Syndication and RSS: a simple introduction


in Geek stuff, Internet matters, Writing

A few people have asked me what ‘syndication’ and ‘RSS’ are, so I thought I would write a quick, non-technical introduction.

Syndication intro

The content of this blog can be broadly separated into two types: the text that makes up posts, and all the formatting that surrounds it. What syndication does is take just the text, allowing it to be read through some other site or program than the one usually used to view the site. The big reason why this is helpful is because it lets you quickly check a great many information streams to see if any have changed.

Instead of having to check more than 100 different pages every time I want to see if one has been updated, I can take a look at one page that lists all the different syndication ‘feeds.’


One service that allows this is BlogLines. If you have a look at my BlogLines account, you will see that it tracks more than 100 different ‘feeds.’ These include things as diverse as all the LiveJournal, WordPress, Blogger, and other blogs run by friends of mine; listings of video clips from the Colbert Report and the Daily show; headlines from Metafilter, Slashdot, and other news sites; and a few miscellaneous other things.

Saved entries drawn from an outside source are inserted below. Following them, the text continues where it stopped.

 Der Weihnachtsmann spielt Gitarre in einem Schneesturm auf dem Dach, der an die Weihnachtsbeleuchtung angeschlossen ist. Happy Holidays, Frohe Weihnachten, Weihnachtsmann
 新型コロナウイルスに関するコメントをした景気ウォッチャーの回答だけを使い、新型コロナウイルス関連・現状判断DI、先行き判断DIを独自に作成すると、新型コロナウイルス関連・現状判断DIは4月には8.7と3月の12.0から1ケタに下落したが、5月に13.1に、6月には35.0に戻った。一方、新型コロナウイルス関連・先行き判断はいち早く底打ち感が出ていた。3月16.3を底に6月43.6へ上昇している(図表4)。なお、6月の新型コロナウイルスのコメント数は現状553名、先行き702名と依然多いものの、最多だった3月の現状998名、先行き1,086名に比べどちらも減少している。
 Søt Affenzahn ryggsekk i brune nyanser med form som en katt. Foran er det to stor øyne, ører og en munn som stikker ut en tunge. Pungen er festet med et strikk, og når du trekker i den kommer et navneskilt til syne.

If you sign up for a BlogLines account, you can add two different feeds from my blog. Both use a technology called RSS, which stands for ‘Really Simple Syndication.’ The addresses in question are:

Blog posts:
Blog comments:

Opening either in a normal Internet Explorer or Firefox window will probably bring up a lot of confusing looking garble. This is the machine readable version of the blog. If you add one of those addresses to your list of feeds in BlogLines, however, you will see a list of recent posts presented, complete with short summaries and links back to the original. Whenever this site (or any other one you have listed) gets updated, it will turn bold on your BlogLines page.

Signing up for the comments feed will allow you to see whenever anybody leaves a comment on any post of mine, without having to check each one individually. I find it a useful way to follow conversations, without having to look at many different individual pages. For people running blogs, it can also be a good way to catch spam.

Firefox live bookmarks

Another way to read RSS feeds is to add them as ‘Live Bookmarks’ within Firefox. This can be done very easily. In Firefox, look over to the right hand side of the blog’s address, inside the white box near the top of the window. On the right hand side, there is a little orange icon with a white dot and radiating arcs. Any page on which you see that icon has a syndication feed available.

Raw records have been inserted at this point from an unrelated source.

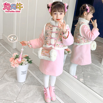 天猫 女童唐装拜年服宝宝女新年装冬装过年衣服中国风儿童宝宝旗袍背心_海淘网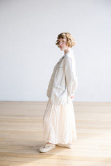 A long floaty skirt with a hem pleat, flat waistband at the front, elastic waist at the back and pockets. This skirt is made from a lightweight linen so it's light and floaty to wear.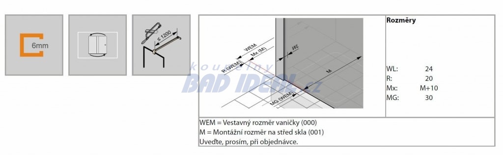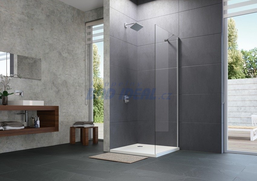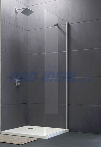 Walk-In boční stěna samostatně stojící se stabilizační vzpěrou, tloušťka skla 6mm, montáž na sprchovou vaničku nebo na podlahu (dlažbu).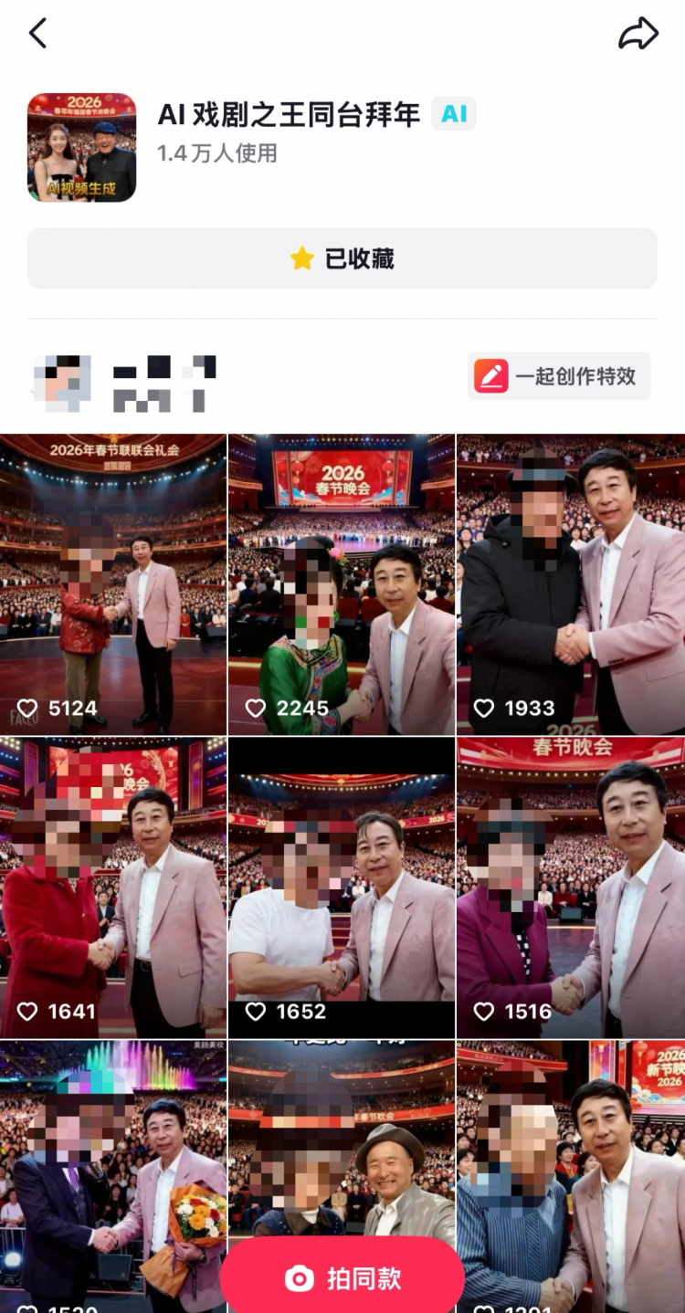 不需要写作复杂的“提示词”,根据网友上传在短视频平台上的AI“特效”模板,点击“拍同款”按钮,连老年人也能轻松生成含有名人明星的AI视频。

If you click that orange icon, a window will pop up asking you to name the bookmark and choose where in your bookmarks menu you want to see it. Then, any time you go into the bookmarks menu and select the name of that site, it will show you a listing of recent post titles. You can click on any of them to go to the post itself.

More information

Bloglines FAQ
WikiPedia on RSS
(includes the orange logo I described)
Firefox Live Bookmark tutorial

{ 4 comments… read them below or add one }

B June 8, 2006 at 6:57 pm

There are also lots of desktop RSS readers that you install on your computer, instead of using on the web. They’re less portable, but can have better features.

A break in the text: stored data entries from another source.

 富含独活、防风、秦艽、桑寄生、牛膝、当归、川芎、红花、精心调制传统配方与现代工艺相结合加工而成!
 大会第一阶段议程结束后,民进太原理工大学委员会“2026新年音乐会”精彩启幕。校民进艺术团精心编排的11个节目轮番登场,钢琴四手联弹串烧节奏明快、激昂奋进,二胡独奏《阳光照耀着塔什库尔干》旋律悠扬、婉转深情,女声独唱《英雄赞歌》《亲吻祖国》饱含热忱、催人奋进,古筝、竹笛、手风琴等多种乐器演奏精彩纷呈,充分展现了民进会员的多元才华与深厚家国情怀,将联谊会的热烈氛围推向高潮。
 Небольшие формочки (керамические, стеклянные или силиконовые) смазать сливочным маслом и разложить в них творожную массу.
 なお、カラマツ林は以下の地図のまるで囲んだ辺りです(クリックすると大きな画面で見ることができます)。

Milan June 30, 2006 at 11:42 am

Given how discussions seem to be spreading between different posts, I thought I should point out a better way of keeping track of them.

Like the posts themselves, the comments are all published in a machine-readable format called RSS. I describe RSS in some detail in this post. If you have a program or website (like BlogLines) that reads RSS, you can use the comment feed here.

If you just want to see all the comments listed in chronological order on a web page, use the Feedburner version.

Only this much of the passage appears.